It is my highly unprofessional opinion, that readers ought not to be 'categorized' to any extent. At least, I ought not to. My tastes are diverse, highly-cultured, hyper-intellectual, and sociologically unchallangeable by any bastion of mediocrity. I am as a rock in a tempest sea of Pope, Pepys, Pullman, and Plato, I am a tower of firm and sturdy strength, forever unwavering, unmarred by the petty conjectures of the semi-literate public! I am as constant as the northern star!
Not bloody likely.
In truth, I am of the opinion that readers, at least, should not be polarized. Anyone cane break the bounds of a certain genre, which is of importance. If books are to be categorized in such a way, like those who read them, there would be few who fit neatly into a single niche.
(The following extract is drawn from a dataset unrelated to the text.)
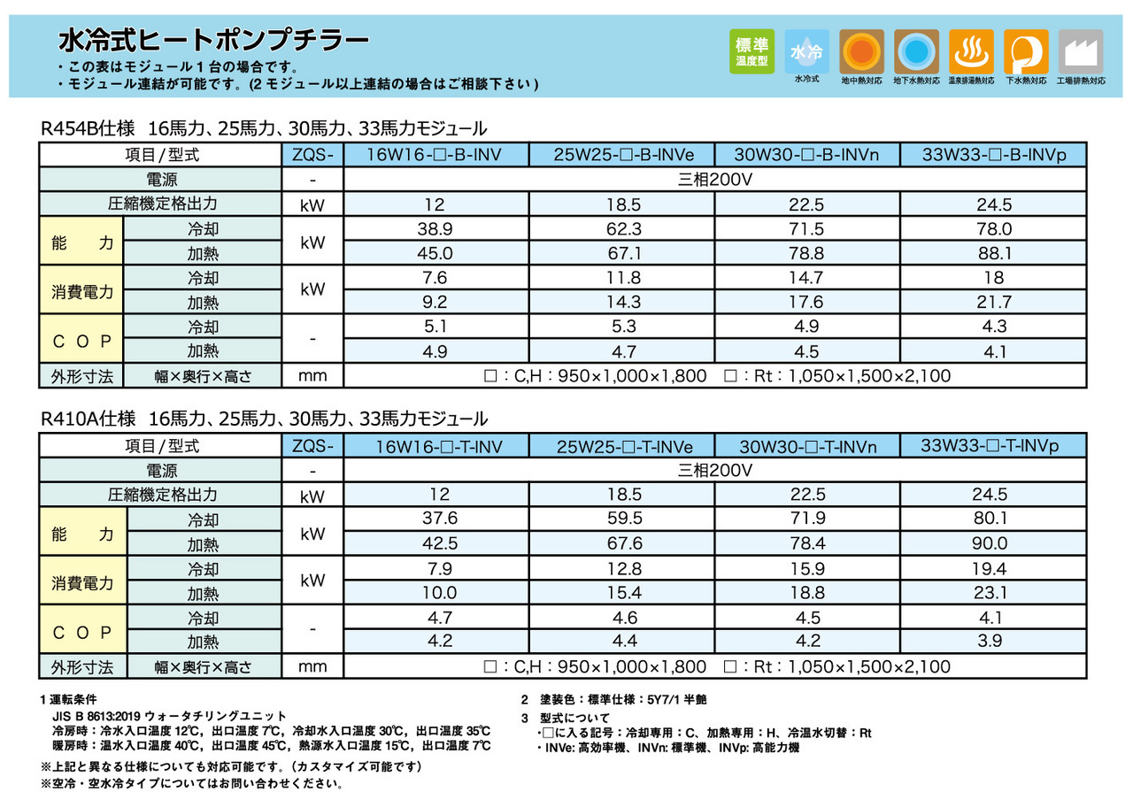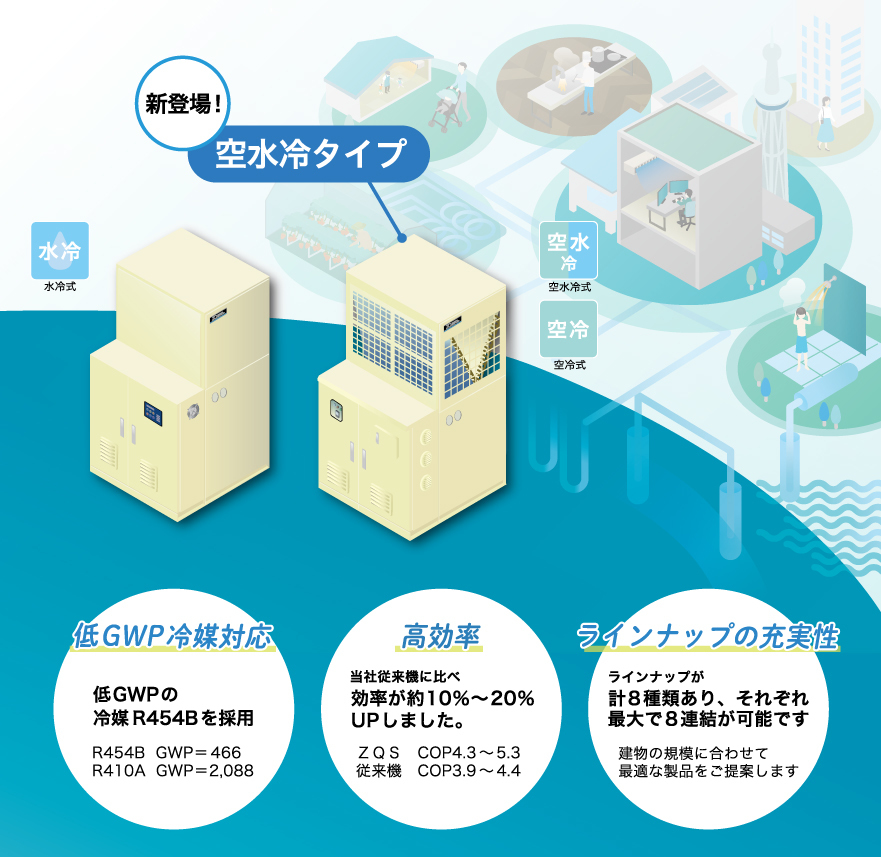 さらに、低GWP冷媒に対応した新機種も登場。冷媒はR410Aと低GWP冷媒(R454B、GWP=466)が選択できます。当社従来機と比べCOPが約10%~20%アップし、さらに省エネ効果が期待できます。また、冷暖房能力が当社従来機の約1.5倍と大きくなり、運転可能な温度範囲も広くなりました。

The habitat of the literate public is, as put, public literature. I cannot believe that a fantasy afficionado would be loath to dabble in the world of "suspense-thrillers" from time to time. The recent surfiet of Dan Brown-mania, in my area (author of the extremely lucrative books Angels and Demons and The Da Vinci Code) has exorcized the simple bonds of many readers of diverse genres, who all united around the current fad. I, myself, feel slandered that books and readers must be segregated thusly. There might as well be different drinking fountains and bathrooms for the sci-fi delvers and the romantics (perhaps I am taking that to far, though).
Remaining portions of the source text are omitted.